*What to do*.
Write out exactly, and only, the lines below from the line with "Winter Parkas Jacket" through the line with "BBC、CNN、巴基斯坦《論"; pictures do not belong in the copy.

*Information*.

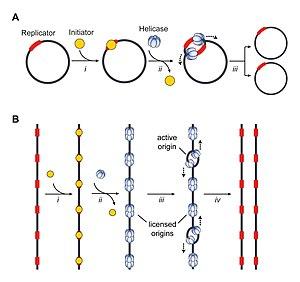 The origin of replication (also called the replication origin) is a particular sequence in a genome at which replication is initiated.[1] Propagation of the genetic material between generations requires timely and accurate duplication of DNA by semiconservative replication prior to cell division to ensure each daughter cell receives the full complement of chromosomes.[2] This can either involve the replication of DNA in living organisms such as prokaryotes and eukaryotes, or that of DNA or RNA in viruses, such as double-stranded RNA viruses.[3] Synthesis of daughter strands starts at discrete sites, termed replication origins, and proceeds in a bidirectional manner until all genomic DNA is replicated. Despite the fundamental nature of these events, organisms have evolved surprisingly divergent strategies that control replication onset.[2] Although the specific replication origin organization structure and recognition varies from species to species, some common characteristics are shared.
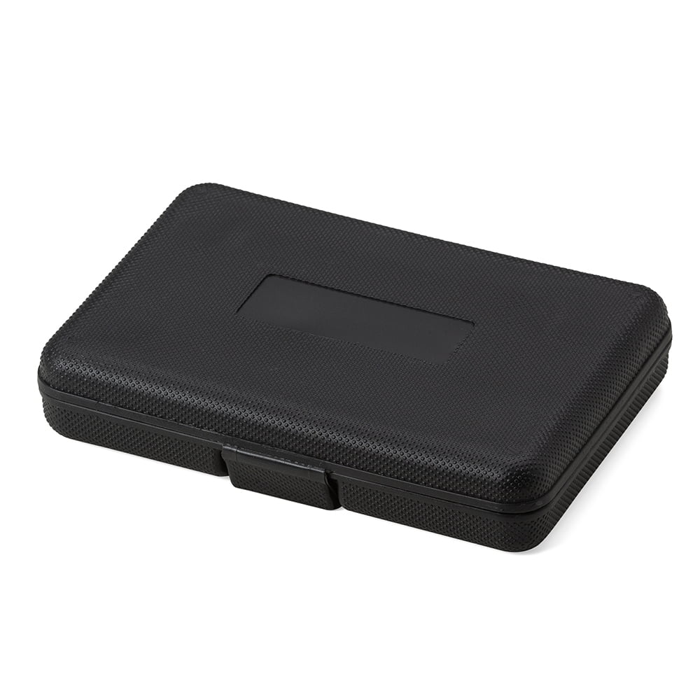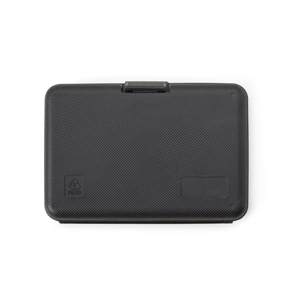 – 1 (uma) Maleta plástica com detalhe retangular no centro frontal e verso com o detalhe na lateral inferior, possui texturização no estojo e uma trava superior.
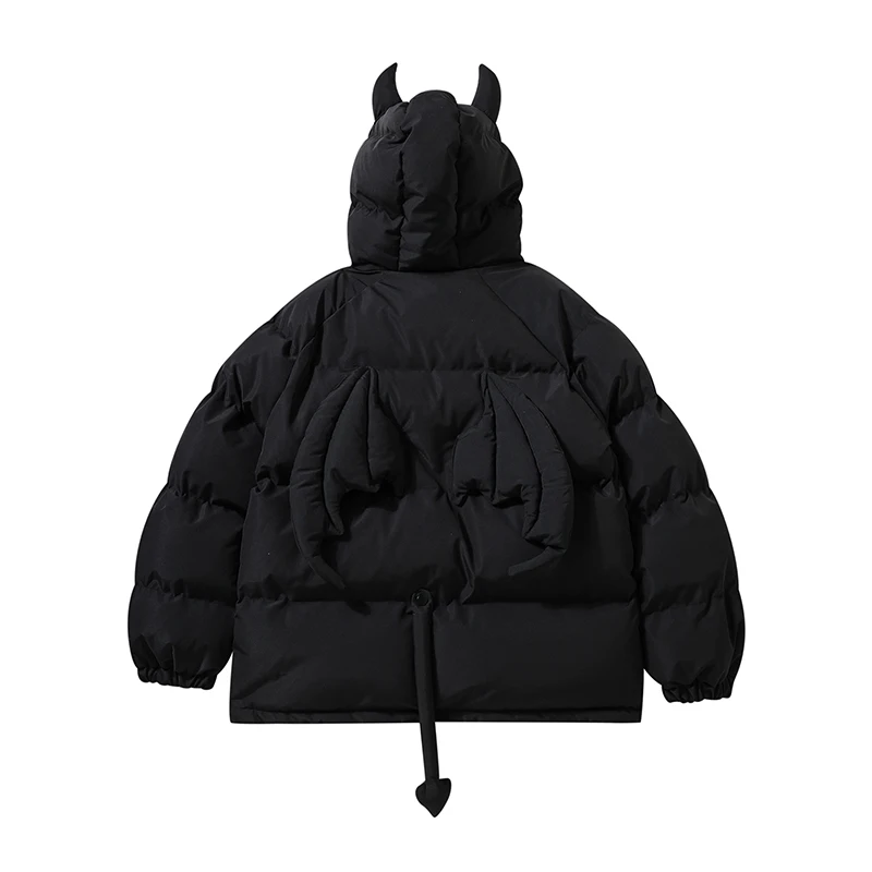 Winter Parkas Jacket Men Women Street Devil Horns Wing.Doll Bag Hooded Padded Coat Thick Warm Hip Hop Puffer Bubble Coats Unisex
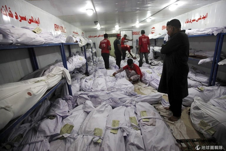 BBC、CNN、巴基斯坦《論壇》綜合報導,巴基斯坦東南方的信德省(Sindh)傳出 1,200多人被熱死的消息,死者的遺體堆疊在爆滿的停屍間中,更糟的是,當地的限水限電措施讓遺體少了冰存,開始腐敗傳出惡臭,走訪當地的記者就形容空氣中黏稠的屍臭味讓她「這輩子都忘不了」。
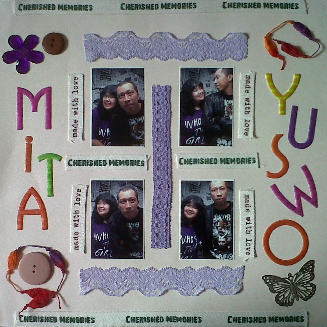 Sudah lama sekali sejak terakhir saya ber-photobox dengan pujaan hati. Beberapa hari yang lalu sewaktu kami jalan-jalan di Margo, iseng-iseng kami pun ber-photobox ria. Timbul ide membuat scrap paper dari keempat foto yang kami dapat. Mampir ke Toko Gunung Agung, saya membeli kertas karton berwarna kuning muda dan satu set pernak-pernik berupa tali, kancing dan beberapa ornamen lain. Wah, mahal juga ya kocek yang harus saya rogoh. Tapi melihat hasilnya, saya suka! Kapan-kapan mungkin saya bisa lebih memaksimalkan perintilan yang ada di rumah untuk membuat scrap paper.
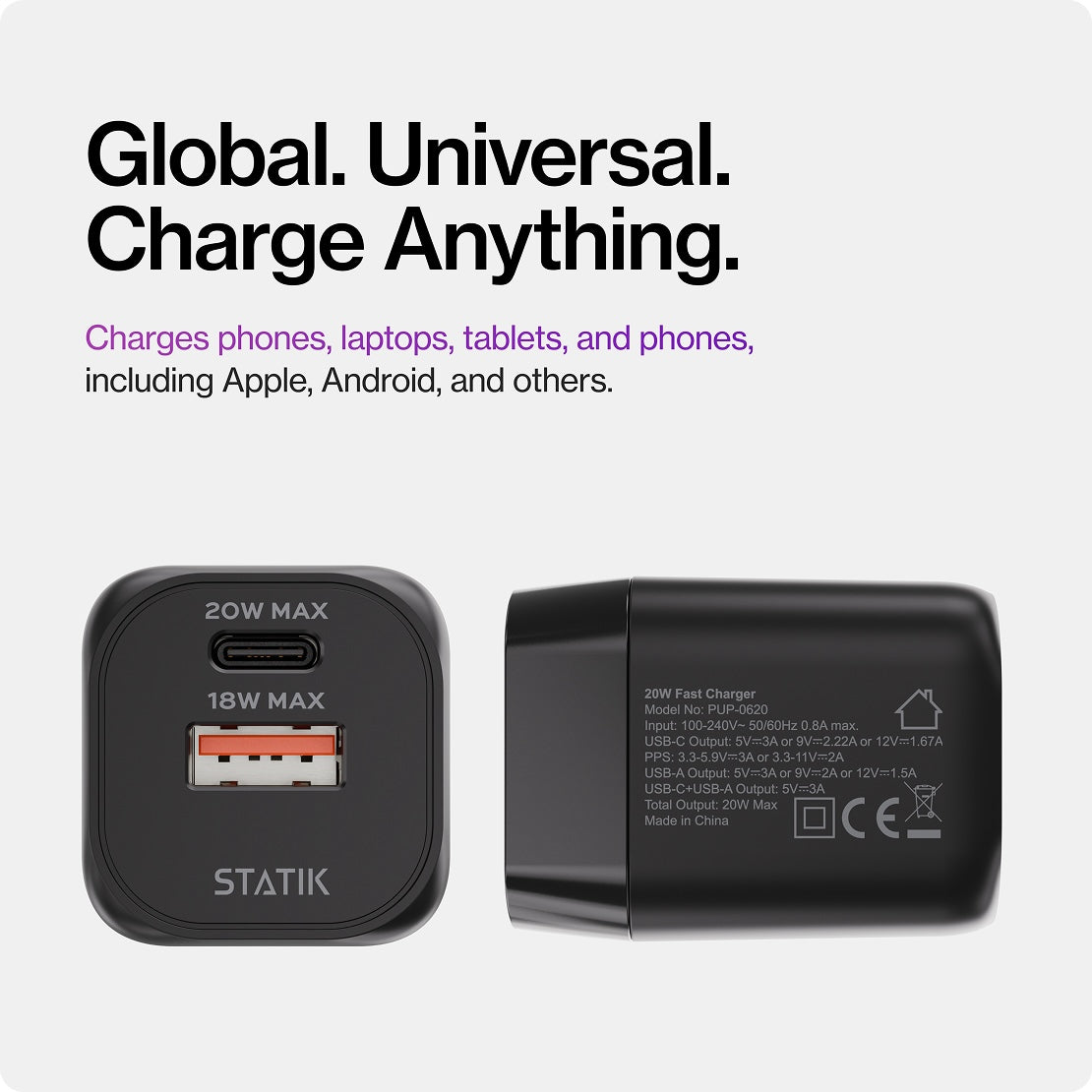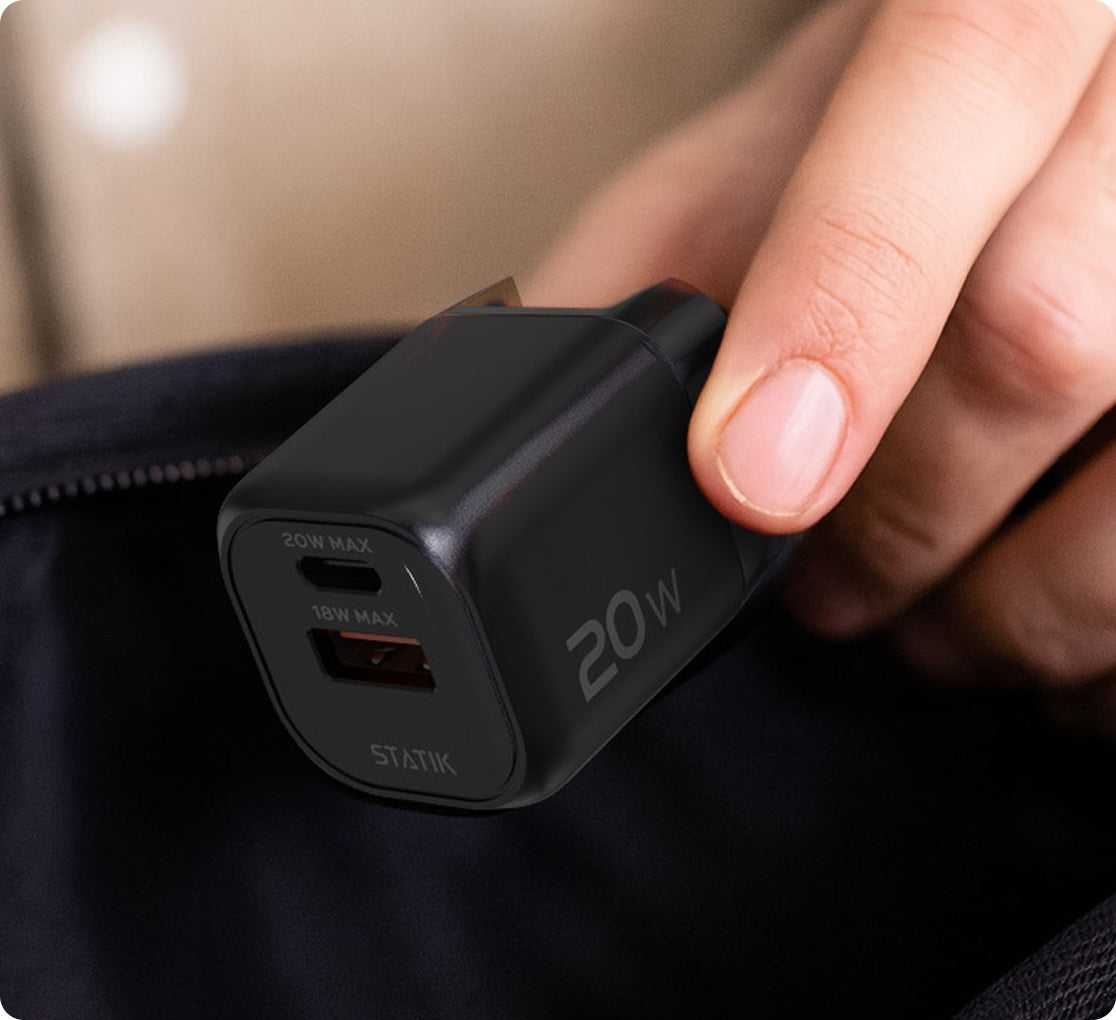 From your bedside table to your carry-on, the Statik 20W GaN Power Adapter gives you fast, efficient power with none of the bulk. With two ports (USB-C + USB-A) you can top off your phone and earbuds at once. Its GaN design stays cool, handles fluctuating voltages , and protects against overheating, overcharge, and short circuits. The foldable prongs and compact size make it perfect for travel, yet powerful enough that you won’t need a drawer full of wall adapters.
==
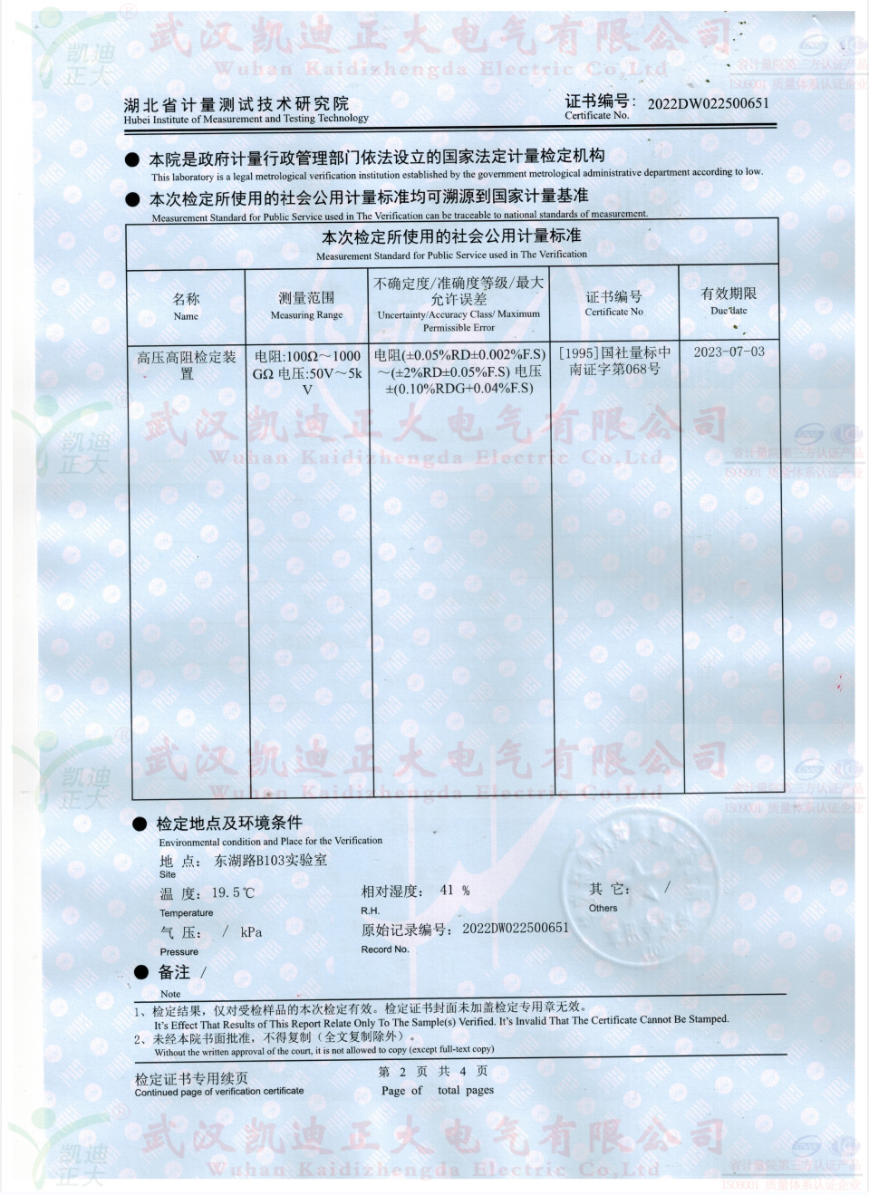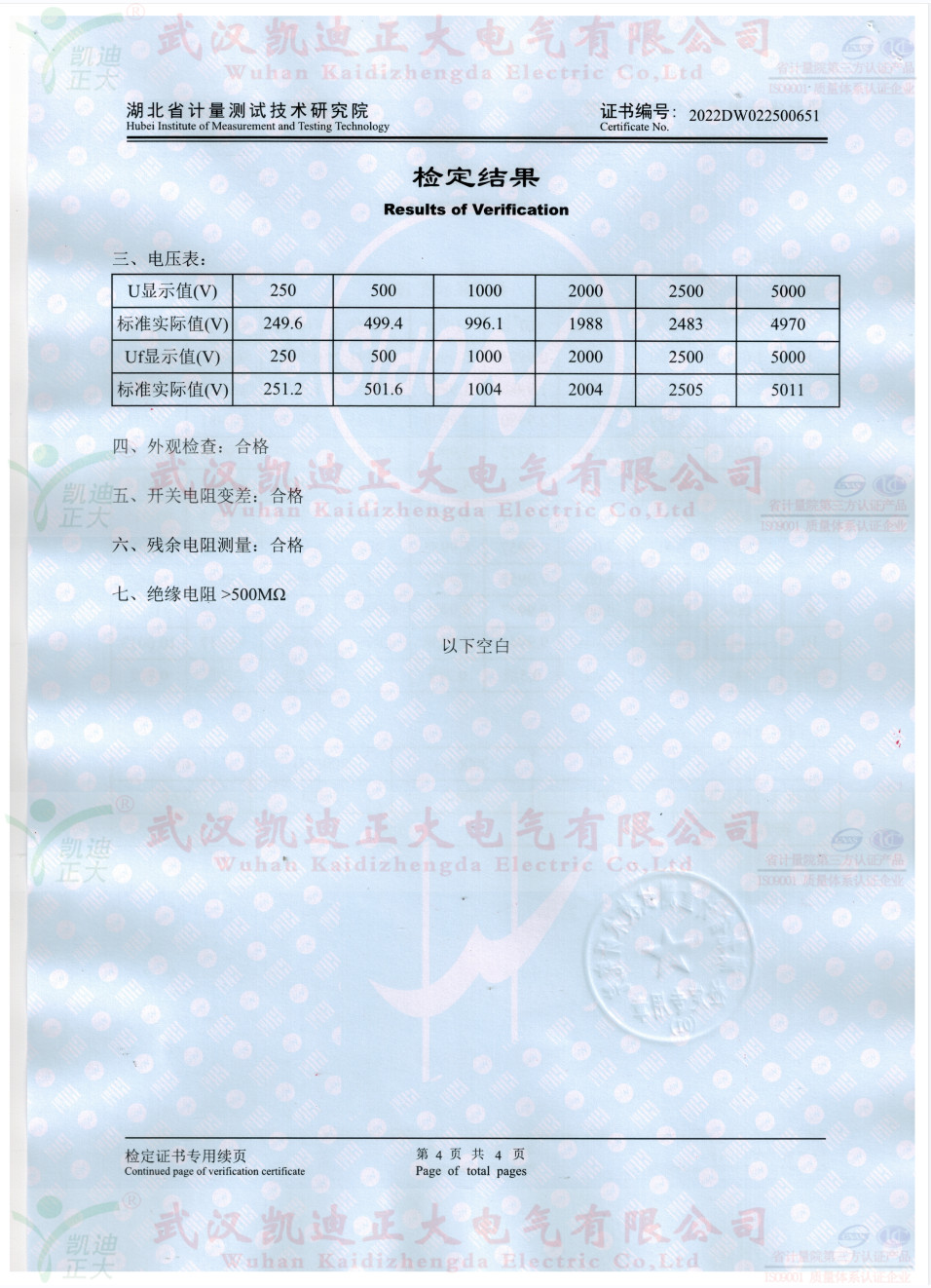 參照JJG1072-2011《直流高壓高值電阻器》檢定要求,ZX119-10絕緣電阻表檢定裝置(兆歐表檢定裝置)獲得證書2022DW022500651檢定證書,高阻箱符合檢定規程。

*Solution*.
 Winter Parkas Jacket Men Women Street Devil Horns Wing.Doll Bag Hooded Padded Coat Thick Warm Hip Hop Puffer Bubble Coats Unisex
 BBC、CNN、巴基斯坦《論壇》綜合報導,巴基斯坦東南方的信德省(Sindh)傳出 1,200多人被熱死的消息,死者的遺體堆疊在爆滿的停屍間中,更糟的是,當地的限水限電措施讓遺體少了冰存,開始腐敗傳出惡臭,走訪當地的記者就形容空氣中黏稠的屍臭味讓她「這輩子都忘不了」。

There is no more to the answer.